* _Task prompt_
Starting at the first line of the listing below, repeat each line exactly until the line containing "Деревня Риомаджоре - популярное", which you include. Leave out pictures.

* _Supplied material_
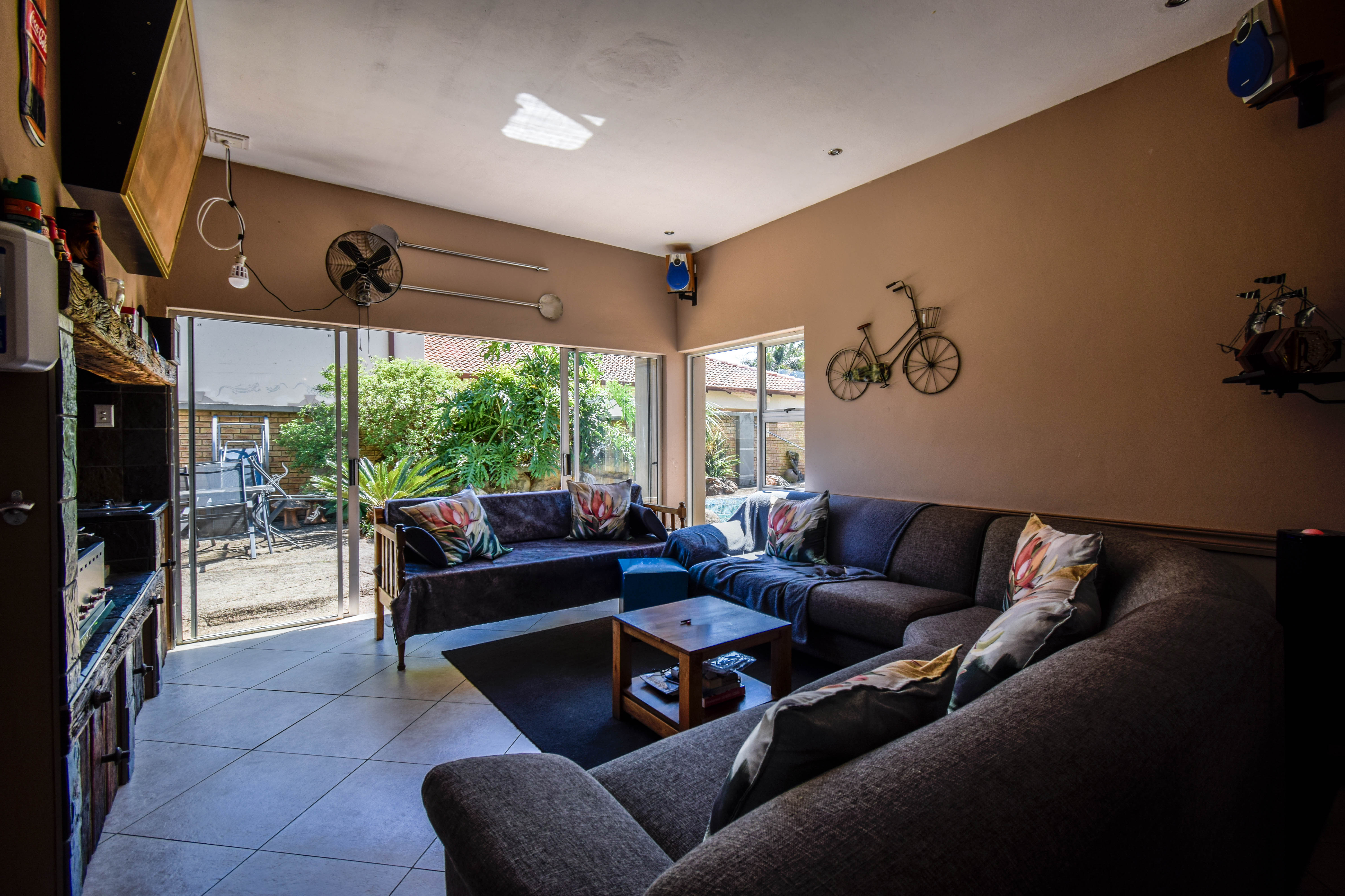 Upon entering, you're welcomed into a light-filled open-plan layout. The kitchen is a standout feature with ample cupboard space and a generous scullery tucked just off to the side. It flows effortlessly into the dining area, which connects seamlessly to a large, comfortable lounge. The lounge leads into a beautifully designed entertainment area complete with a built-in braai and countertops — perfect for hosting guests all year round.
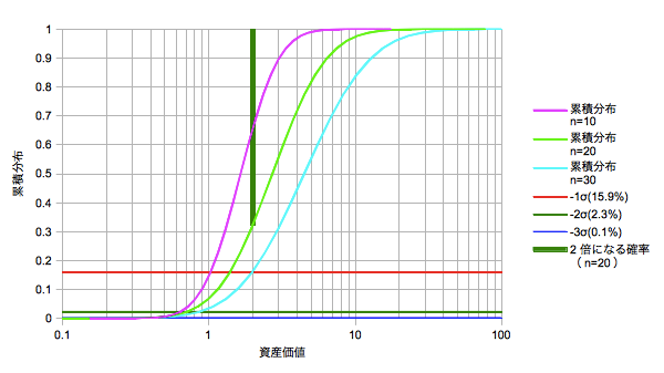 【2倍になるための時間(0σ、50.0%)】
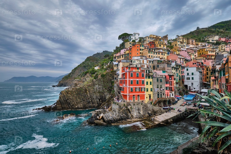 Деревня Риомаджоре - популярное туристическое направление в Национальном парке Цинк-Терре, объекте Всемирного наследия ЮНЕСКО, Лигурия, Италия в бурную погоду
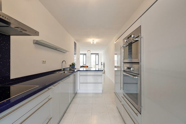 De woonkamer is ruim en goed belicht, met een moderne uitstraling en comfortabele zithoek. De halfopen keuken is volledig uitgerust met hedendaagse inbouwapparatuur, waaronder een 4-pits kookplaat, aparte oven en magnetron, en een vaatwasser – ideaal om direct te koken en te genieten.
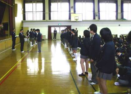 16日(金)6限に認証式を行いました。評議員・環境委員・文芸委員・体育委員・図書委員の代表者に認証書を渡しました。その認証書を渡す際に「お願いします」と一人ひとりに声をかけました。これから始まる各委員会の活動や学校行事を進めるうえで委員の皆さんのリーダーシップは欠かせません。そのリーダーシップを発揮して是非盛り上がりのある活動をお願いしたいという思いを込めました。また、各委員を選んだ人たちの協力がなければ活動や行事は成功しません。全校一体となって「正しく、仲良く、逞しく」にむけた取り組みを進めてほしいと思います。
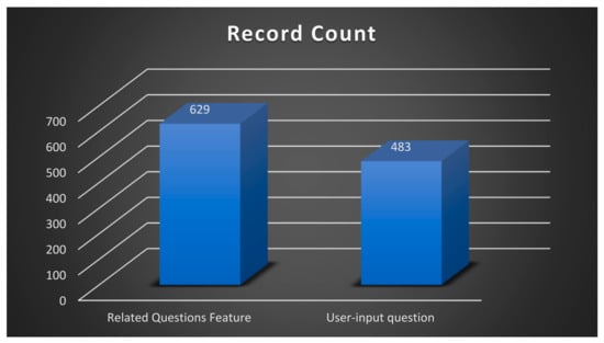 Figure 6 indicates that the Related Questions feature was the predominant source, accounting for 55.6% of the records, compared with user-input questions, which accounted for 44.4% of the records. This implies that a substantial proportion of the questions asked were generated through the Related Questions feature, indicating its ability to capture users’ attention and stimulate their interest in seeking further knowledge about the original query.
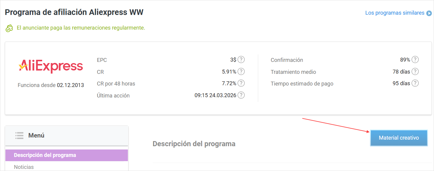 Algunos programas no admiten deeplinks. En este caso, solo puedes utilizar el enlace de afiliación estándar del programa. Cómo obtener el enlace de afiliación estándar
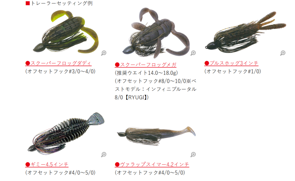 カバーからのすり抜けが良い、先尖りで滑らかなシェイプ。 スイミング姿勢やボトムでの安定性に長け、細かなロッド操作にもレスポンスよく反応する重心バランス。トレーラーのベストアクションを引き出します。
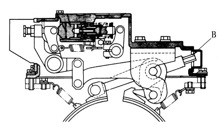 3)制動帶抱緊制動鼓后,再將螺母(B)擰松1-5/6圈,使制動鼓與制動帶間的間隙0.3mm。相應地,制動踏板的行程為90-110mm。
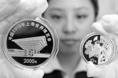 上海世博會第二組彩色金銀紀念幣。新華社發(陳代述攝)
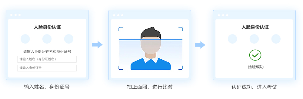 本次岗位招聘笔试是面向全国招聘,应聘者来自各地,为了保证是应聘者本人参加,启用考试云考前人脸实名认证,应聘者需要在进入考试前输入姓名和身份证号,再拍摄正面照,系统会自动核验身份,认证成功才能进入考试。
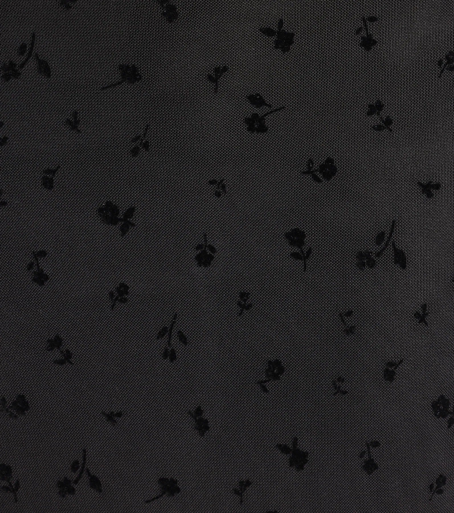 - Flocked floral pattern. mesh fabric lined with stretchy knit
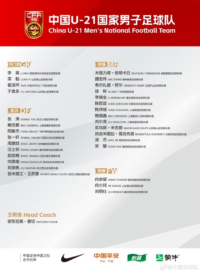 U21国足集训名单:向余望、何小珂、木塔力甫在列,铜梁龙5人
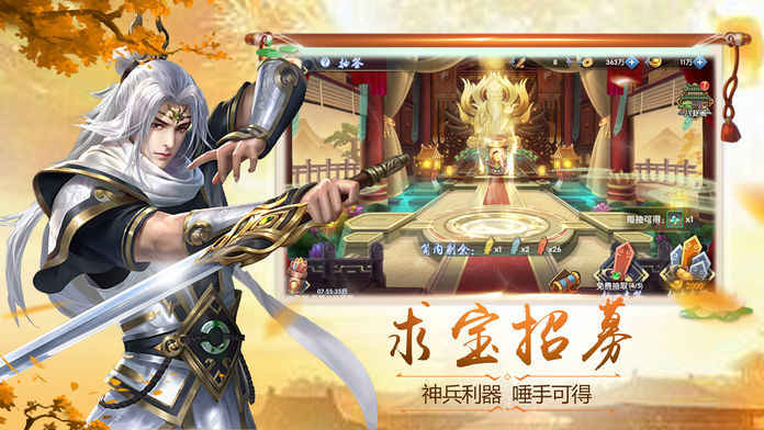 战场竞技,激情无限,与帮派兄弟一起扫荡boss列表,制霸天下,傲视全服!更多外形炫耀,更多丰富的游戏玩法,超强战斗的打击特效感,给你一场无与伦比的仙侠传奇体验!
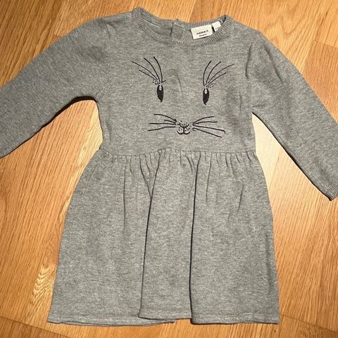 Name it beige neulemekko. Napit olkapäällä pukemista helpottamaan.
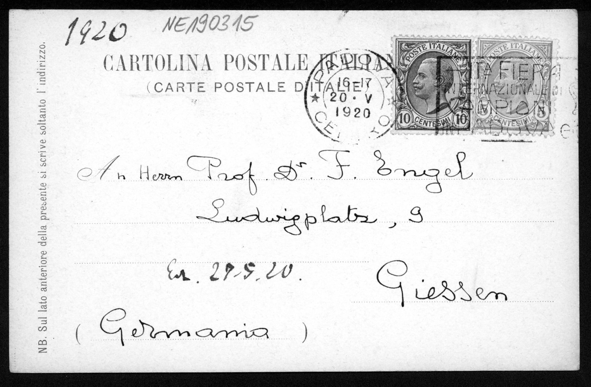 Ansichtskarte von Ugo Amaldi an Friedrich Engel vom 20.5.1920
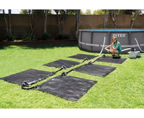 Are o suprafata de 1 m² (1m x 1m) prin care se absorb razele solare si astfel se incalzeste apa. Sistemul are inclus si 2 furtunuri cu diametrul de 32 mm, respectiv 2 adaptori pentru furtunurile cu diametrul de 38 mm.
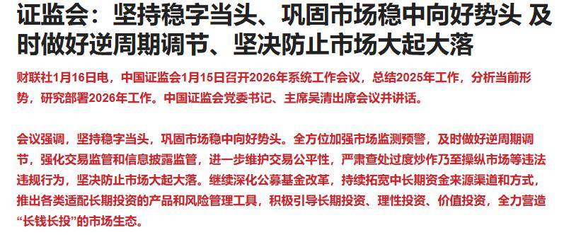 刚中国证监会1月15日召开2026年系统工作会议,会议强调严肃查处过度炒作乃至操纵市场等违法违规行为,坚决防止市场大起大落。短期内想复制商业航天、AI应用的疯狂炒作怕是很难了。
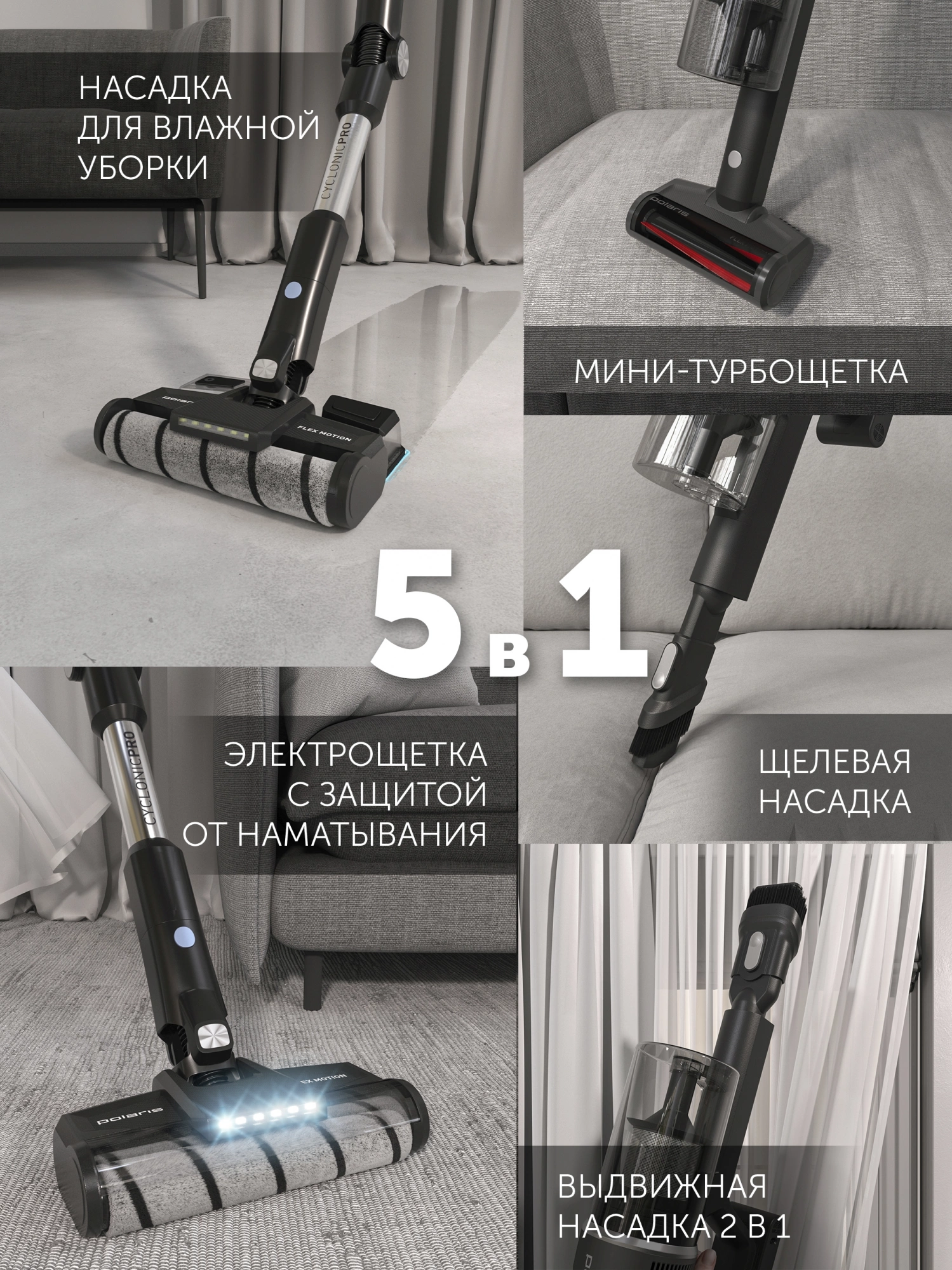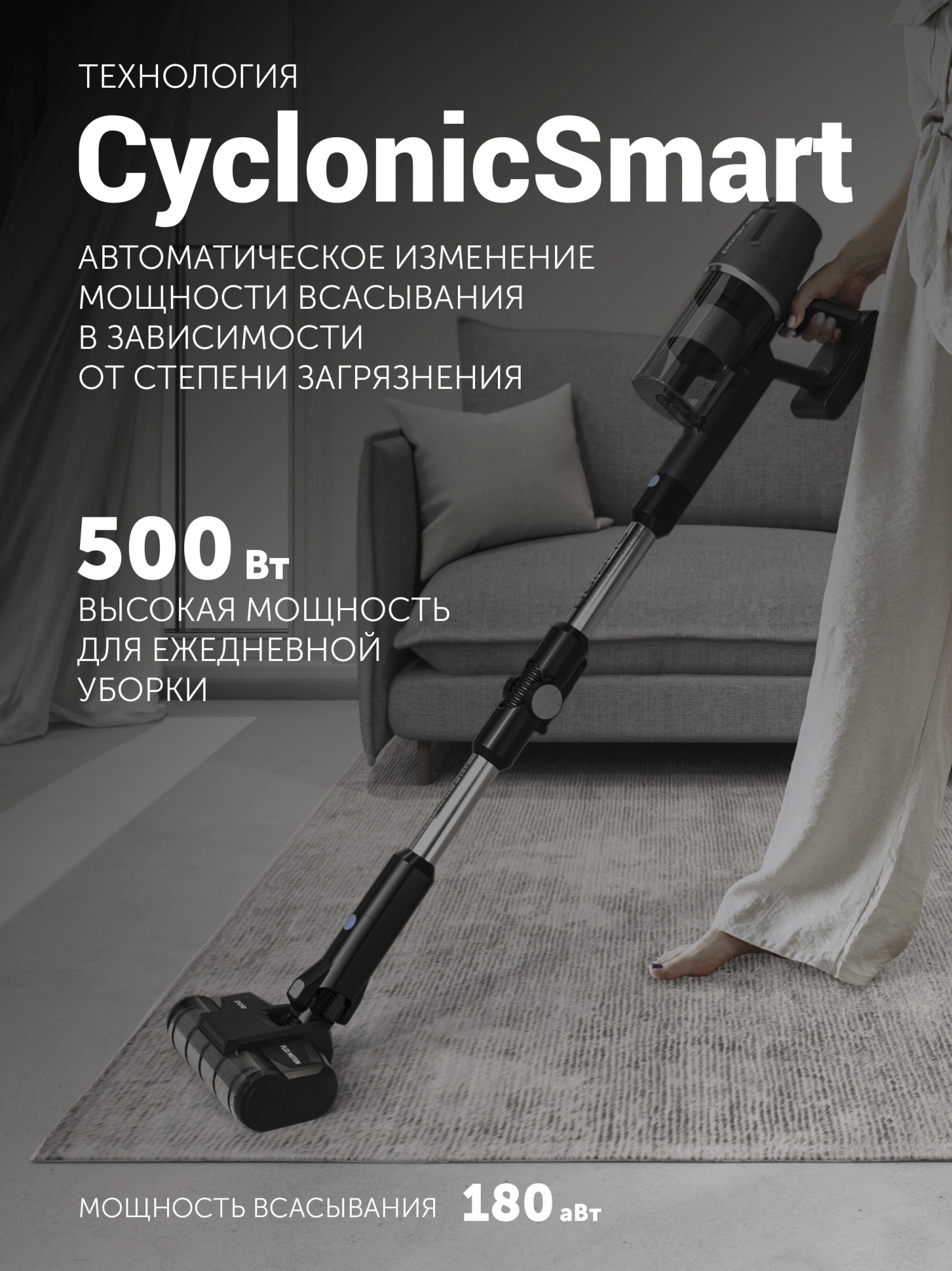 500 Вт Высокая мощность для ежедневной уборки Время работы до 60 минут 10 лет Гарантия на инверторный мотор 5 в 1 БЕСПРОВОДНОЙ Вертикальный и компактный ручной МОЮЩИЙ 4 НАСАДКИ

* _Solution for this exercise_
 Upon entering, you're welcomed into a light-filled open-plan layout. The kitchen is a standout feature with ample cupboard space and a generous scullery tucked just off to the side. It flows effortlessly into the dining area, which connects seamlessly to a large, comfortable lounge. The lounge leads into a beautifully designed entertainment area complete with a built-in braai and countertops — perfect for hosting guests all year round.
 【2倍になるための時間(0σ、50.0%)】
 Деревня Риомаджоре - популярное туристическое направление в Национальном парке Цинк-Терре, объекте Всемирного наследия ЮНЕСКО, Лигурия, Италия в бурную погоду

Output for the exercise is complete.